American baseball player (born 1956)

Randall Glenn Johnson (born June 10, 1956) is an American former Major League Baseball third baseman. He played three full seasons in the Majors, from through , for the Atlanta Braves. He also played two seasons in Japan, 1987 and 1988, for the Hiroshima Toyo Carp. He served as the minor league field coordinator for the San Diego Padres from 2010-2015. He is now a major league scout for the Detroit Tigers and is in his 40th year in professional baseball.

==Amateur career==
Johnson played both football and baseball at Palomar College, where he was an All-State placekicker in 1975. He then attended San Jose State University, where he was a multi-sport athlete again. He was named an Academic All-American in 1978 for baseball. He was drafted in the 11th round of the 1978 Major League Baseball draft by the New York Mets.

==Professional career==
Johnson played in the Mets farm system for two seasons before being traded to the Atlanta Braves in 1980. He made his Major League debut in 1982, and became the starting third baseman in 1984. That year he hit .279 with 5 HR’s and 30 RBI in 322 PA’s. He was released by the Braves following the 1985 season, and subsequently signed with the San Francisco Giants as a free agent. He played for their top farm club, the Phoenix Firebirds, in 1986 before signing with the Hiroshima Toyo Carp.

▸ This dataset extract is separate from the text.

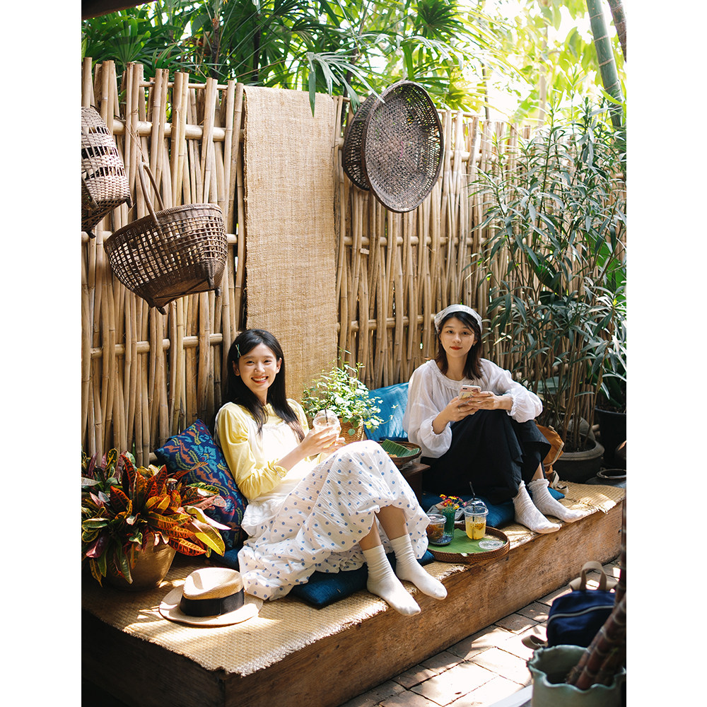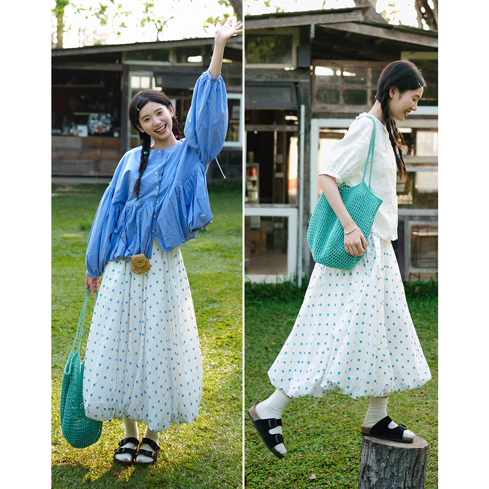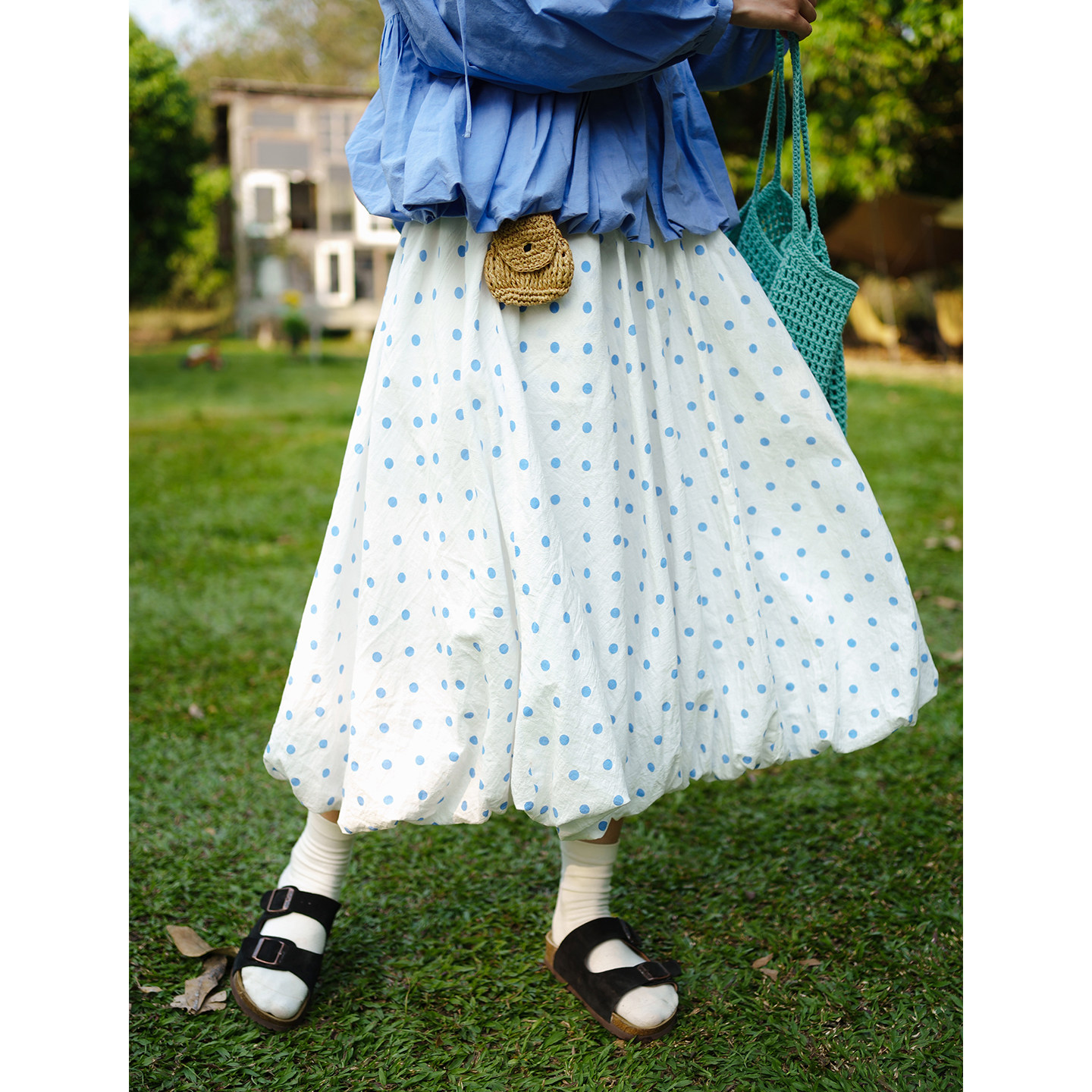 100棉柔软不易皱 显瘦森系清迈松弛裙子 日系蓝波点花苞半裙 古苔由

He later played for the West Palm Beach Tropics in the Senior Professional Baseball Association in 1989-90 and one season in the Australian Baseball League for the Brisbane Bandits in 1991.

==Post-playing career==
Since 1989, Johnson has scouted for the Padres, Colorado Rockies, Detroit Tigers and worked for the Oakland Athletics as special assistant to the team's general manager, Billy Beane, from 2003 to 2010. In February 2010, he was named the Padres' minor league field coordinator, a job he held until 2015. He is now a major league scout for the Tigers.